I hold up my thumb and forefinger, showing the fraction of space between them to him. “A little bit.”
He smirks in response, then he lifts a napkin from the table and reaches toward my face. I watch with bated breath as he gets closer and finally dabs at my chin with another half-smirk. “You have pasta sauce all over your face.”
“Worth it.”
I’m only momentarily surprised that I’m not embarrassed to be seen looking like a mess with sauce on my face and my hair a disaster from hours in the kitchen making what will probably be the best meal of my life.
But whatever this is between me and Reid, however these strong emotions are pooling in my chest, it’s all making me feel that much more comfortable around him.
Lamps flick on in the corner of the room and I break my stare with Reid to look around, realizing how dark the room got around us as we learned how to cook and fed each other pasta like we were in Lady and the Tramp.
For a moment, I wonder if I missed the sunset and night was starting to crest over us, but a look outside the plethora of windows shows dark clouds quickly swooping in.

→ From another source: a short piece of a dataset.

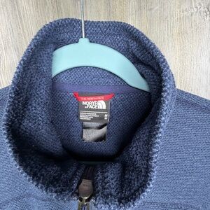 Full zip textured polyester lightweight soft shell jacket. Features chest pocket and TNF logo. Approx measurements pit to pit 22.5”, Length from Shoulder to Bottom 28”. See light white mark on back of left sleeve in photos. GUC 🚭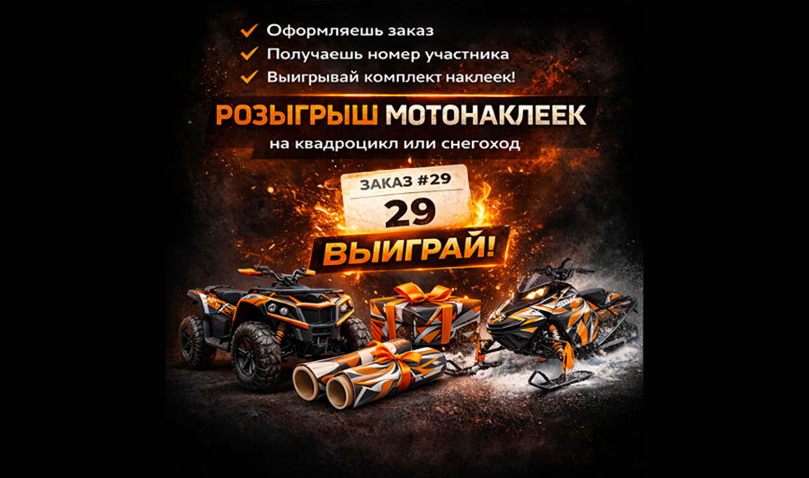 Приз — стильный комплект мотонаклеек. Подходит для квадроциклов и снегоходов. Яркий дизайн, прочные материалы, защита и стиль.

“Is it supposed to rain?” I ask, not breaking my gaze from the impending weather outside.
“I don’t know.”
I look back to Reid. “What do you mean you don’t know? You didn’t check the weather when we left?”
“Why would I have checked the weather?”
I flail a hand toward the window, where the soft patter of rain starts against the glass. “For this exact reason.”
“It’s just rain, Jane. We’ll be alright.”
“Those roads were dangerously narrow when they were dry. You think we’d get home fine in a foreign country in the pouring rain?”
“It’s not pouring rain.”
As if on cue, a loud clap of thunder cracks. A girl next to us jumps in her seat at the sound, sloshing red wine in her glass.
“How are we supposed to drive home in this? We’ll never be able to see.”
Reid finally breaks his stare from me to look out the window and acknowledge the unexpected weather. The only sign of worry on his handsome face is his lips pressing into a thin line as he thinks.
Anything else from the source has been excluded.